■ **Problem requirements**: No line before the one holding "首先,要关注使用VPN隧道传" is to be copied; that line and all after it, through the end of the listing, are returned exactly, minus pictures.

----- Data below -----

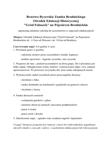 Bractwo Rycerskie Zamku Brodnickiego Ośrodek Edukacji Historycznej "Gród Foluszek" na Pojezierzu Brodnickim zapraszają młodzież szkolną do uczestnictwa w zajęciach edukacyjnych Miejsce: Ośrodek Edukacji Historycznej "Gród Foluszek" na Pojezierzu Brodnickim ok. 1,5 km od Zbiczna i ok. 10 km od Brodnicy Czas trwania zajęć: 4-6 godzin w tym: 1. Powitanie gości w grodzie - założenie strojów przez uczestników (tuniki, kaptury) - krótkie opowieści - legendy rycerskie, etos rycerski 2. Wyprawa do lasu - podział uczestników na dwie grupy. Do wykonania jest kilka zadań. Odnajdywanie roślin, herbów, wykonywanie zdjęć i trzy zadania sprawnościowe. Po powrocie zwycięska dru żyna szuka zakopanych monet. 3. Wykonywanie zadań rycerskich przez poszczególne drużyny: - strzelanie z łuku - nauka fechtunku na machinach i pojedynki na gumowe miecze - strzelanie z kuszy 4. Nauka dawnych rzemiosł: - wylepiania garnków z gliny - mielenie zboża na żarnach i pieczenie podpłomyków - praca w kuźni - praca cieśli i drwala 5. Zakończenie zajęć - ognisko oraz rozdanie nagród i dyplomów Uwaga! Niniejszy program jest ramowy i może być indywidualnie uzgadniany tak jeśli chodzi o czas jak i zakres: o nachyleniu edukacyjnym lub rekreacyjnym. Opcjonalnie, gdy starcza czasu lub po uzgodnieniu zakresu zajęć: - rzeźbiarstwo - wyrób ozdób z drutu - noszenie wody nosidłami - wytwarzanie świec - pisanie gęsim piórem Kontakt: Jan Majewski ul. Łyskowskiego 2/25 87-300 Brodnica tel. (56) 493 39 75 kom. (+48) 600 757 090 e-mail: [email protected] http://www.bractwobrodnica.cba.pl
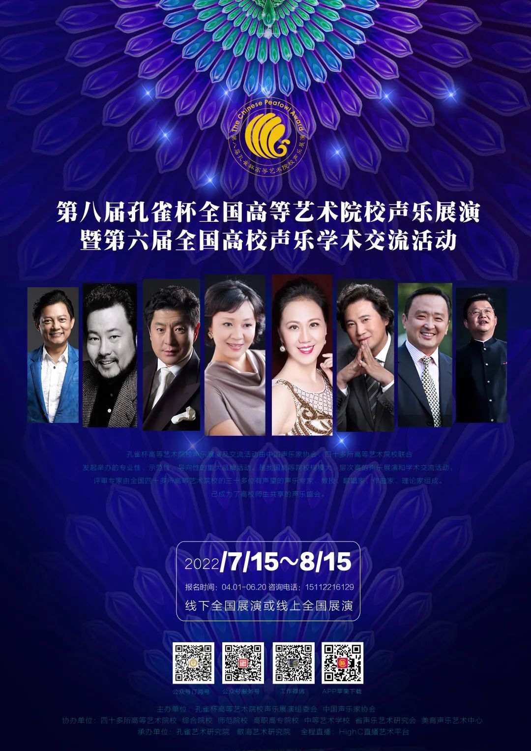 本活动包括学术交流、论文征集、孔雀杯高校声乐展演和小孔雀杯少儿声乐展演四个部分,具有较强的学术性、专业性、实践性和指导意义。我们诚恳邀请各院校(系)选送师生参加。组委会力争将本活动办得更具影响力,望各院校(系)领导能支持师生积极参加这项活动,为确保各项活动顺利进行,现将有关事项通知如下:
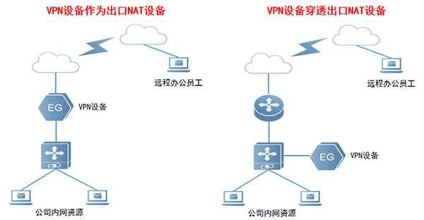 首先,要关注使用VPN隧道传输的数据是否需要加密。其次,要关注使用VPN的终端类型,不同的VPN技术当前支持的终端类型有所不同。最后,要关注VPN设备是作为出口NAT设备还是穿透出口NAT设备,如图6所示。
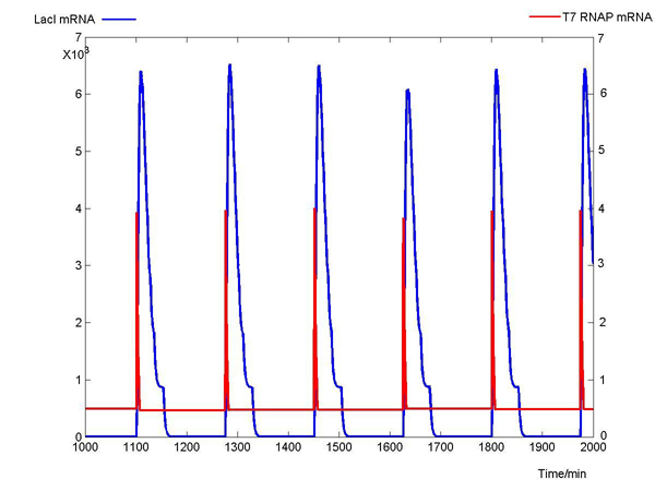 FIGURE2:T7&LacI_mRNA   The mRNA levels of T7 RNAP(Red) and LacI(Blue) are simulated by MATLAB with parameters described above. (Note: The scale of LacI molecules is 1,000 fold of that of T7 RNAP)

-----

■ **Response area**:
 首先,要关注使用VPN隧道传输的数据是否需要加密。其次,要关注使用VPN的终端类型,不同的VPN技术当前支持的终端类型有所不同。最后,要关注VPN设备是作为出口NAT设备还是穿透出口NAT设备,如图6所示。
 FIGURE2:T7&LacI_mRNA   The mRNA levels of T7 RNAP(Red) and LacI(Blue) are simulated by MATLAB with parameters described above. (Note: The scale of LacI molecules is 1,000 fold of that of T7 RNAP)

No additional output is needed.